● **GIVEN DATA**:
* * *

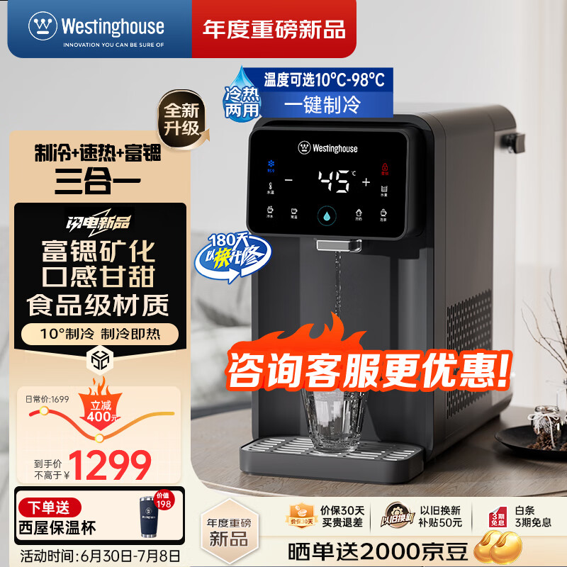 西屋(Westinghouse)即热式饮水机 桌面台式家用小型冷热直饮一体机制冷+制热高端客厅用WFH40-Y3001价格:1299.00元!
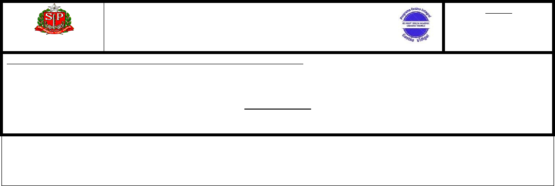 DIRETORIA DE ENSINO - REGIÃO DE VOTUPORANGA E. E. PROFª TEREZA VALVERDE CARDOSO TIRAPELE NOTA: _______________ Avaliação Interna do 3º Bimestre – Ensino Fundamental - Anos Finais DISCIPLINA: Educação Física PROFESSOR (A): Camila Caetano Nome do (a) aluno (a): _____________________________________________________ Ano/série: __________ Data: ___ /___ / 2023 INSTRUÇÕES: · Leia com atenção todas as questões e não deixe de responder nenhuma delas. Lembre-se que você é capaz! HABILIDADES: (EF06EF23*) Identificar as capacidades físicas predominantemente mobilizadas na prática dos esportes e da ginástica, relacionando a melhoria do desempenho ao desenvolvimento das mesmas. (EF06EF25*) Identificar e diferenciar exercício físico de atividade física. CONTEÚDO: CAPACIDADES FÍSICA Capacidades Físicas são definidas como todo atributo físico treinável num organismo humano. Em outras palavras, são todas as qualidades físicas motoras passíveis de treinamento comumente classificadas em diversos tipos. Muitas vezes, deficiências em algumas capacidades físicas podem levar uma pessoa a experimentar dificuldades para participar de certas manifestações da Cultura de Movimento. É por meio das capacidades físicas que se conseguem executar ações motoras, desde as mais simples às mais complexas (andar, correr, saltar, nadar, etc). O fato de ser mais veloz, mais flexível ou mais forte tem uma origem hereditária, transmissível de pais para filhos, mas também tem a ver com a forma como vamos desenvolvendo/treinando as referidas capacidades ao longo dos anos. RESPONDA: 1- Quais são as qualidades físicas motoras que vão definir as Capacidades Físicas? a- Agilidade, Flexibilidade, Força, Resistência, Velocidade, Equilíbrio e Coordenação motora. b- Flexibilidade, Força, Resistência, Velocidade, Equilíbrio e Corpo sarados. c- Força, Boa aparência, Boa estatura, Resistência, Velocidade e Coordenação motora d- Nenhuma das alternativas 2- Cite duas atividades que requerem: Agilidade: __________________________________________________________________________________ Velocidade: __________________________________________________________________________________ Força: __________________________________________________________________________________ Resistência: __________________________________________________________________________________ Flexibilidade: __________________________________________________________________________________ 3- Escreva se a atividade mostrada é sobre resistência, flexibilidade, força, velocidade ou agilidade: _________________ ____________________ _________________ ____________________ 4- Como são definidas as Capacidades Físicas? a- Como todo atributo físico treinável num organismo humano. Em outras palavras, são todas as qualidades físicas motoras passíveis de treinamento. b- Somente a agilidade pode ser considerável como atributo da capacidade física, pois é possível mensurar toda a performance do atleta, num treinamento de alto rendimento. c- A velocidade, a resistência e a força podem ser consideráveis como atributos da capacidade física, pois é possível mensurar toda a performance do atleta, num treinamento de alto rendimento. d- Nenhuma das alternativas 5- A prática de exercícios físicos é fundamental para a manutenção da saúde. Antes de inicia-los, é indicado fazer um bom alongamento, que resulta numa maior amplitude de movimentos de uma determinada articulação. Nos exercícios de alongamento, qual capacidade física está envolvida: a) Força b) Resistência c) Velocidade d) Flexibilidade 6- Coloque (V) para verdadeiro e (F) para falso. ( ) A força aumenta desde o nascimento até a idade adulta, diminuindo na velhice. ( ) A flexibilidade e o alongamento são a mesma capacidade física. ( ) A Corrida de São Silvestre é uma prova de resistência. ( ) O pique bandeira é uma atividade recreativa que desenvolve a agilidade. ( ) Para ficar em pé não necessitamos de equilíbrio. ( ) Os meninos, em geral, têm mais flexibilidade do que as meninas. ( ) A prova dos 100 metros rasos do atletismo é uma prova de velocidade. ( ) Precisamos de equilíbrio para andar de bicicleta, patins e skate. 7- Uma pessoa que está quase sempre sentada e não exercita o corpo, conservando-o inativo, é chamado de: a) doente. b) esportista. c) envelhecido. d) sedentário 8- Diversas pessoas preferem uma vida sem se movimentar e acabam ficando inativos, e com isso, acarretam grande prejuízo à saúde. Qual dos problemas abaixo está relacionado diretamente a esse tipo de comportamento? a) A utilização de dispositivos tecnológicos. b) Alimentação rica em gorduras saturadas. c) A falta de exercício físico regularmente. d) As alterações de humor constantes. 9- O que é atividade física é: a) Qualquer atividade que para ser executada precise da movimentação contínua do corpo; b) Exercício regulado, que compõe um treinamento ou faz parte uma prática esportiva; c) Nenhuma das alternativas. 10- Quando uma pessoa caminha com seu animal de estimação ela está: a) Realizando uma atividade física; b) Realizando um exercício físico; c) Nenhuma das alternativas. Boa Prova!!!
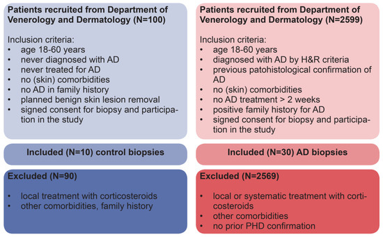 This retrospective case–control study (level of evidence 2B) [38] included 30 patients aged 28–45 (mean age 32 years) (Table 1) who were diagnosed with AD using the clinical diagnostic criteria [8]. The patients had a diagnostic lesional skin biopsy performed earlier that confirmed the diagnosis and were not treated for at least two weeks prior to the study to eliminate any potential effect of corticosteroids or other immunosuppressive drugs. The specimens were archived at the Referral Centre for Contact Dermatitis, Department of Dermatology and Venereology, University Hospital Centre Zagreb. Skin biopsy specimens (punch biopsy technique provided full-thickness 4 mm skin specimens) were also obtained from the same site [39] from 10 healthy age-matched donors (Table 1) who had a regular appointment for benign skin lesion excision and were used as the control group. Informed consent for performing the biopsy, participating in this research, and data publication for this study was obtained from all included patients. Exclusion criteria for patients suffering from AD and controls are shown in Figure 1. All patient-related data were fully anonymized in the analysis within the study. The study protocol followed the EU guidelines and was approved by the ethical committee of the School of Medicine, University of Zagreb.

* * *

● **ABOUT THIS EXERCISE**: The data above must be given back verbatim, minus its images.

● **EXERCISE ANSWER**:
 西屋(Westinghouse)即热式饮水机 桌面台式家用小型冷热直饮一体机制冷+制热高端客厅用WFH40-Y3001价格:1299.00元!
 DIRETORIA DE ENSINO - REGIÃO DE VOTUPORANGA E. E. PROFª TEREZA VALVERDE CARDOSO TIRAPELE NOTA: _______________ Avaliação Interna do 3º Bimestre – Ensino Fundamental - Anos Finais DISCIPLINA: Educação Física PROFESSOR (A): Camila Caetano Nome do (a) aluno (a): _____________________________________________________ Ano/série: __________ Data: ___ /___ / 2023 INSTRUÇÕES: · Leia com atenção todas as questões e não deixe de responder nenhuma delas. Lembre-se que você é capaz! HABILIDADES: (EF06EF23*) Identificar as capacidades físicas predominantemente mobilizadas na prática dos esportes e da ginástica, relacionando a melhoria do desempenho ao desenvolvimento das mesmas. (EF06EF25*) Identificar e diferenciar exercício físico de atividade física. CONTEÚDO: CAPACIDADES FÍSICA Capacidades Físicas são definidas como todo atributo físico treinável num organismo humano. Em outras palavras, são todas as qualidades físicas motoras passíveis de treinamento comumente classificadas em diversos tipos. Muitas vezes, deficiências em algumas capacidades físicas podem levar uma pessoa a experimentar dificuldades para participar de certas manifestações da Cultura de Movimento. É por meio das capacidades físicas que se conseguem executar ações motoras, desde as mais simples às mais complexas (andar, correr, saltar, nadar, etc). O fato de ser mais veloz, mais flexível ou mais forte tem uma origem hereditária, transmissível de pais para filhos, mas também tem a ver com a forma como vamos desenvolvendo/treinando as referidas capacidades ao longo dos anos. RESPONDA: 1- Quais são as qualidades físicas motoras que vão definir as Capacidades Físicas? a- Agilidade, Flexibilidade, Força, Resistência, Velocidade, Equilíbrio e Coordenação motora. b- Flexibilidade, Força, Resistência, Velocidade, Equilíbrio e Corpo sarados. c- Força, Boa aparência, Boa estatura, Resistência, Velocidade e Coordenação motora d- Nenhuma das alternativas 2- Cite duas atividades que requerem: Agilidade: __________________________________________________________________________________ Velocidade: __________________________________________________________________________________ Força: __________________________________________________________________________________ Resistência: __________________________________________________________________________________ Flexibilidade: __________________________________________________________________________________ 3- Escreva se a atividade mostrada é sobre resistência, flexibilidade, força, velocidade ou agilidade: _________________ ____________________ _________________ ____________________ 4- Como são definidas as Capacidades Físicas? a- Como todo atributo físico treinável num organismo humano. Em outras palavras, são todas as qualidades físicas motoras passíveis de treinamento. b- Somente a agilidade pode ser considerável como atributo da capacidade física, pois é possível mensurar toda a performance do atleta, num treinamento de alto rendimento. c- A velocidade, a resistência e a força podem ser consideráveis como atributos da capacidade física, pois é possível mensurar toda a performance do atleta, num treinamento de alto rendimento. d- Nenhuma das alternativas 5- A prática de exercícios físicos é fundamental para a manutenção da saúde. Antes de inicia-los, é indicado fazer um bom alongamento, que resulta numa maior amplitude de movimentos de uma determinada articulação. Nos exercícios de alongamento, qual capacidade física está envolvida: a) Força b) Resistência c) Velocidade d) Flexibilidade 6- Coloque (V) para verdadeiro e (F) para falso. ( ) A força aumenta desde o nascimento até a idade adulta, diminuindo na velhice. ( ) A flexibilidade e o alongamento são a mesma capacidade física. ( ) A Corrida de São Silvestre é uma prova de resistência. ( ) O pique bandeira é uma atividade recreativa que desenvolve a agilidade. ( ) Para ficar em pé não necessitamos de equilíbrio. ( ) Os meninos, em geral, têm mais flexibilidade do que as meninas. ( ) A prova dos 100 metros rasos do atletismo é uma prova de velocidade. ( ) Precisamos de equilíbrio para andar de bicicleta, patins e skate. 7- Uma pessoa que está quase sempre sentada e não exercita o corpo, conservando-o inativo, é chamado de: a) doente. b) esportista. c) envelhecido. d) sedentário 8- Diversas pessoas preferem uma vida sem se movimentar e acabam ficando inativos, e com isso, acarretam grande prejuízo à saúde. Qual dos problemas abaixo está relacionado diretamente a esse tipo de comportamento? a) A utilização de dispositivos tecnológicos. b) Alimentação rica em gorduras saturadas. c) A falta de exercício físico regularmente. d) As alterações de humor constantes. 9- O que é atividade física é: a) Qualquer atividade que para ser executada precise da movimentação contínua do corpo; b) Exercício regulado, que compõe um treinamento ou faz parte uma prática esportiva; c) Nenhuma das alternativas. 10- Quando uma pessoa caminha com seu animal de estimação ela está: a) Realizando uma atividade física; b) Realizando um exercício físico; c) Nenhuma das alternativas. Boa Prova!!!
 This retrospective case–control study (level of evidence 2B) [38] included 30 patients aged 28–45 (mean age 32 years) (Table 1) who were diagnosed with AD using the clinical diagnostic criteria [8]. The patients had a diagnostic lesional skin biopsy performed earlier that confirmed the diagnosis and were not treated for at least two weeks prior to the study to eliminate any potential effect of corticosteroids or other immunosuppressive drugs. The specimens were archived at the Referral Centre for Contact Dermatitis, Department of Dermatology and Venereology, University Hospital Centre Zagreb. Skin biopsy specimens (punch biopsy technique provided full-thickness 4 mm skin specimens) were also obtained from the same site [39] from 10 healthy age-matched donors (Table 1) who had a regular appointment for benign skin lesion excision and were used as the control group. Informed consent for performing the biopsy, participating in this research, and data publication for this study was obtained from all included patients. Exclusion criteria for patients suffering from AD and controls are shown in Figure 1. All patient-related data were fully anonymized in the analysis within the study. The study protocol followed the EU guidelines and was approved by the ethical committee of the School of Medicine, University of Zagreb.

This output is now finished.